Here’s how to place them:
1. $ \frac{4}{9} \approx 0.444 $ → Just after 0, near 0.4
2. $ 0.445 $ → Very close to $ \frac{4}{9} $, slightly larger
3. $ 3\frac{1}{5} = 3.2 $ → Between 3 and 4, closer to 3
4. $ \sqrt{26} \approx 5.099 $ → Slightly less than 5.1
5. $ 5.\overline{1} = 5.111\ldots $ → Slightly more than 5.1
> 💡 Note: $ 0.444\ldots $ and $ 0.445 $ are very close — but $ 0.445 > 0.444\ldots $, since $ 0.445 = 0.4450 $, which is greater than $ 0.4444\ldots $
---
✔ Final Answer (Ordered):
$$
\boxed{
\frac{4}{9} < 0.445 < 3\frac{1}{5} < \sqrt{26} < 5.\overline{1}
}
$$
---
📝 Instructions for Your Notes:
Write this in your binder under “Number Line Practice” or “Comparing Real Numbers”:
> Task: Order the following numbers from least to greatest and plot on a number line:
>
> $ 3\frac{1}{5},\ \frac{4}{9},\ 0.445,\ \sqrt{26},\ 5.\overline{1} $
>
> Step-by-step:
> - Convert all to decimals:
> - $ 3\frac{1}{5} = 3.2 $
> - $ \frac{4}{9} \approx 0.444\ldots $
> - $ 0.445 $
> - $ \sqrt{26} \approx 5.099 $
> - $ 5.\overline{1} = 5.111\ldots $
>
> Order:
> $$
> \frac{4}{9} < 0.445 < 3\frac{1}{5} < \sqrt{26} < 5.\overline{1}
> $$
>
> Plotting on number line:
> - Start at 0, mark up to 6.
> - Place $ \frac{4}{9} $ and $ 0.445 $ just after 0.

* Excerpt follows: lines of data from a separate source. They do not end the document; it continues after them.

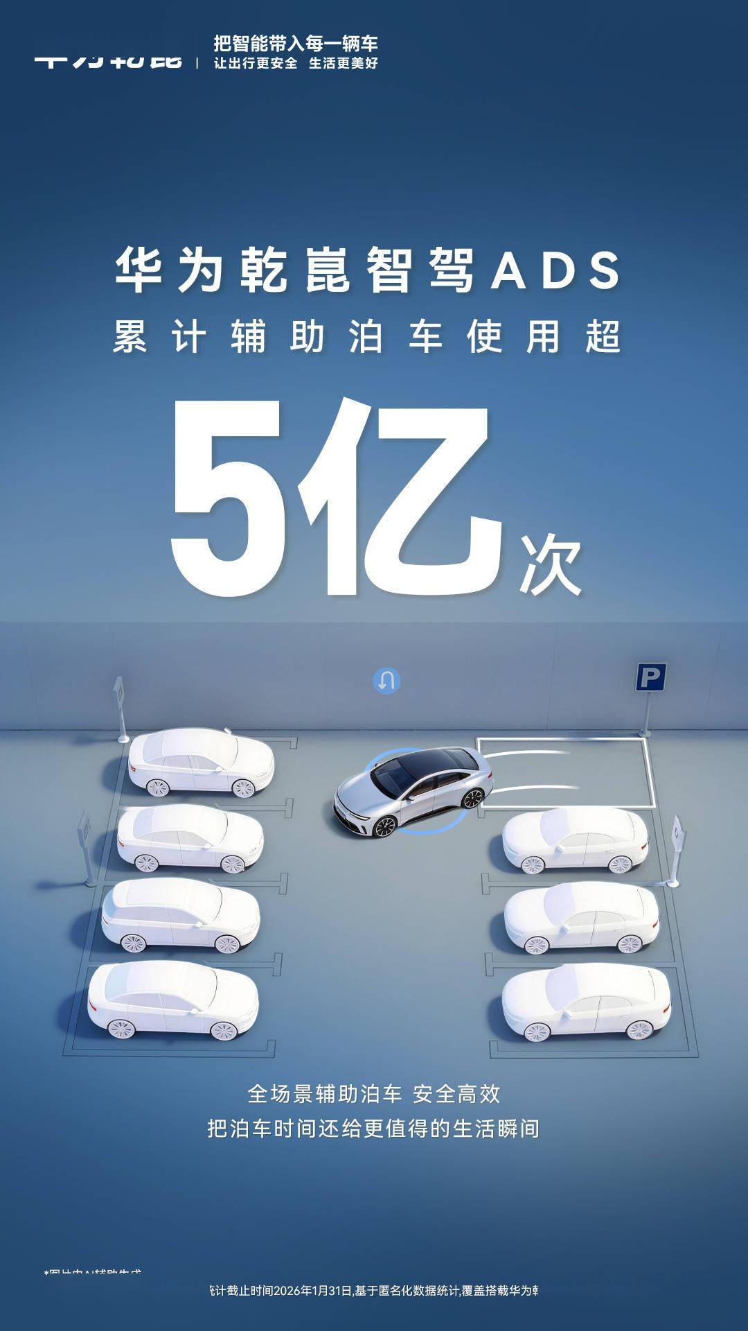 華為乾崑智能汽車解決方案近日通過官方渠道披露,其自主研發的乾崑智駕ADS系統累計輔助泊車次數已突破5億次。該數據統計周期截至2026年1月31日,基于搭載該系統的全量車型匿名化數據匯總得出,覆蓋了從經濟型到高端豪華的多品類車型。
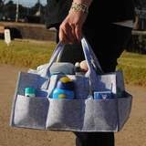 This Grey Felt Nappy Organiser is the best portable accessory to use from room to room. It is sure to keep your baby products perfectly organized and changing essentials within reach. Everything you need for baby is combined in one stylish as well as versatile diaper caddy organiser. Use on the changing table in the crib or on the go. This caddy is made from high quality felt fabric with a soft touch edge and includes removable inserts.
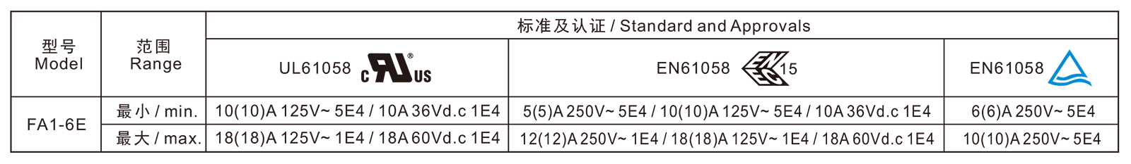 电气参数和认证 Electric Rating and Certification

> - Place $ 3.2 $ between 3 and 4.
> - Place $ \sqrt{26} $ just before 5.1.
> - Place $ 5.\overline{1} $ just after 5.1.
---
✔ You’ve now practiced comparing rational and irrational numbers! Great job! 🎉
Parent Tip: Review the logic above to help your child master the concept of ordering real numbers worksheet.